+++ Records for this task +++
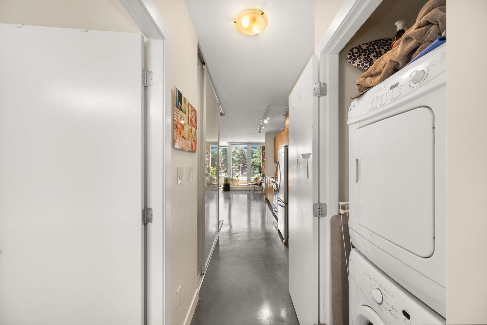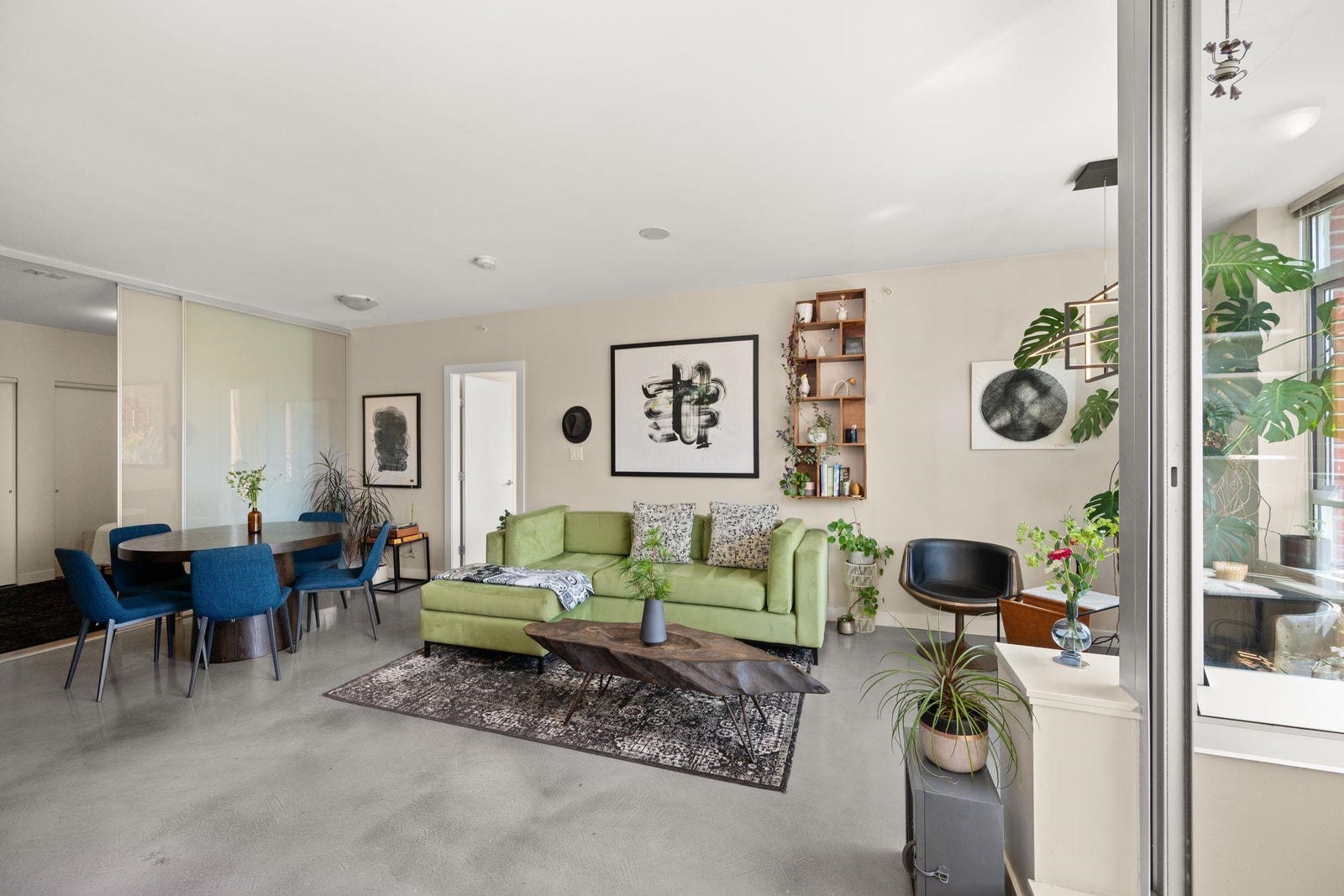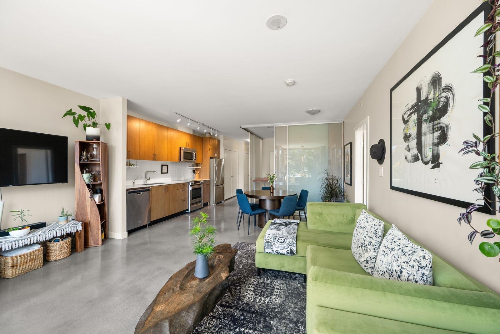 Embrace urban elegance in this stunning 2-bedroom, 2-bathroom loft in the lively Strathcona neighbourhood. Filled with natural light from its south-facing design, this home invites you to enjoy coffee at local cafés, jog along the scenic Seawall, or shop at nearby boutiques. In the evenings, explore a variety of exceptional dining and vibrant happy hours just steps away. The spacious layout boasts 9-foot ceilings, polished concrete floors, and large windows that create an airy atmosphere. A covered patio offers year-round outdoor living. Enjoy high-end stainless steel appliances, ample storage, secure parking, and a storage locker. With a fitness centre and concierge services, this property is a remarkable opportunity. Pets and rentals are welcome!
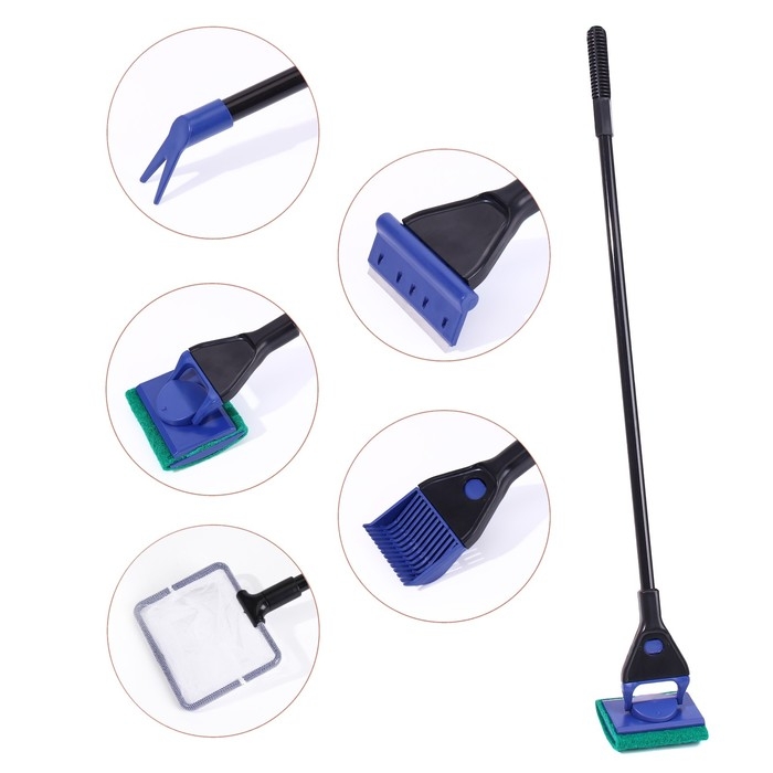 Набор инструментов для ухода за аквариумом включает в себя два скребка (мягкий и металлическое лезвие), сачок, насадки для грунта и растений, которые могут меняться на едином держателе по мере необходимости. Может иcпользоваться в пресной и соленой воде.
+++
+++ Records for this task +++
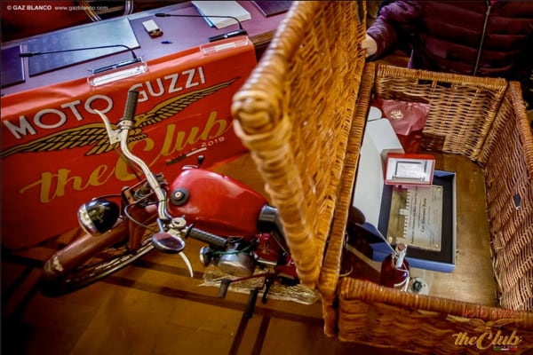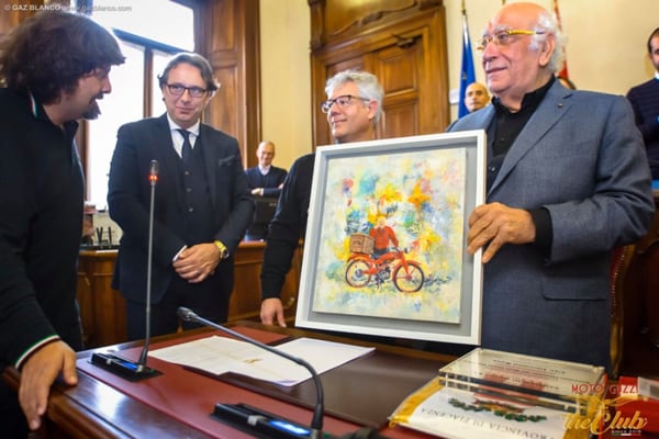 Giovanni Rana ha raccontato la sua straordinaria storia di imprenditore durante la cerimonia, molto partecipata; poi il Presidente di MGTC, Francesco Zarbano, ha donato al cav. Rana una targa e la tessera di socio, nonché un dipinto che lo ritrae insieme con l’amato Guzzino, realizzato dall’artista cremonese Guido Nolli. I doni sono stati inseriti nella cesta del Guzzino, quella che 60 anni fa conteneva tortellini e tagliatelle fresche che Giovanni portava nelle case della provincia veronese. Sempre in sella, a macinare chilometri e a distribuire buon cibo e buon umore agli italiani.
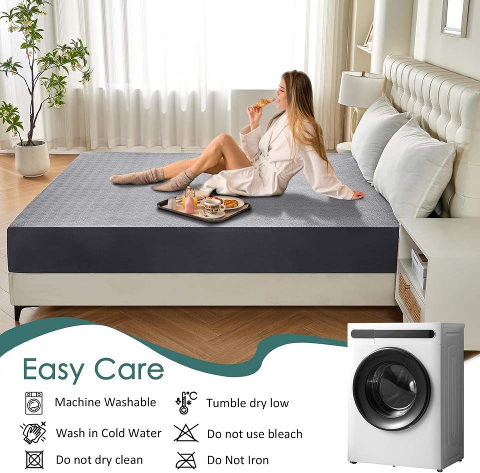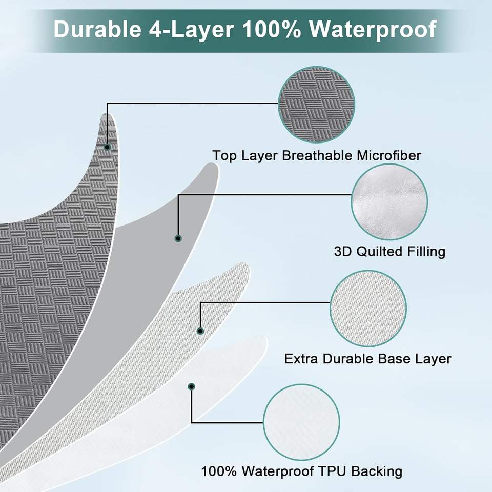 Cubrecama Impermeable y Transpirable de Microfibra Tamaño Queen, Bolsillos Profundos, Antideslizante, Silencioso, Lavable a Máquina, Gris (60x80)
+++
+++ Records for this task +++
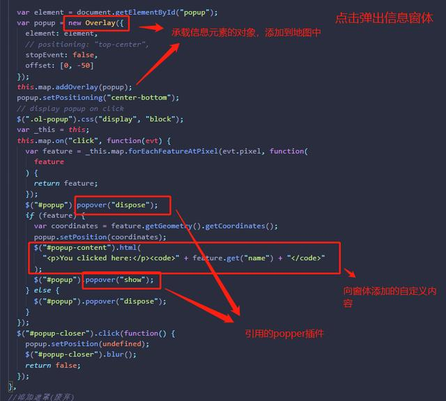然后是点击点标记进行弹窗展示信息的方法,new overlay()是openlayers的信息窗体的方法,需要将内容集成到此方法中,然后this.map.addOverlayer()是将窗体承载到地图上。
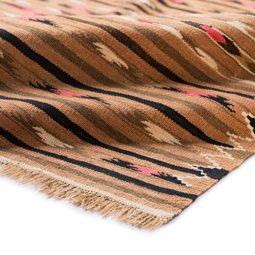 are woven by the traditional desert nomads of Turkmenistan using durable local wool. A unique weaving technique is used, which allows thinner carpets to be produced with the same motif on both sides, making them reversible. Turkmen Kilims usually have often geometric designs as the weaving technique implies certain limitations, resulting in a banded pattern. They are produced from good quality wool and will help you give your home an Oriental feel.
+++
▶ Description of the task
In the material above, one part opens with the line containing "Embrace urban elegance" and closes with the line containing "Набор инструментов для". Write out that part exactly and skip its pictures.

▶ Written reply
 Embrace urban elegance in this stunning 2-bedroom, 2-bathroom loft in the lively Strathcona neighbourhood. Filled with natural light from its south-facing design, this home invites you to enjoy coffee at local cafés, jog along the scenic Seawall, or shop at nearby boutiques. In the evenings, explore a variety of exceptional dining and vibrant happy hours just steps away. The spacious layout boasts 9-foot ceilings, polished concrete floors, and large windows that create an airy atmosphere. A covered patio offers year-round outdoor living. Enjoy high-end stainless steel appliances, ample storage, secure parking, and a storage locker. With a fitness centre and concierge services, this property is a remarkable opportunity. Pets and rentals are welcome!
 Набор инструментов для ухода за аквариумом включает в себя два скребка (мягкий и металлическое лезвие), сачок, насадки для грунта и растений, которые могут меняться на едином держателе по мере необходимости. Может иcпользоваться в пресной и соленой воде.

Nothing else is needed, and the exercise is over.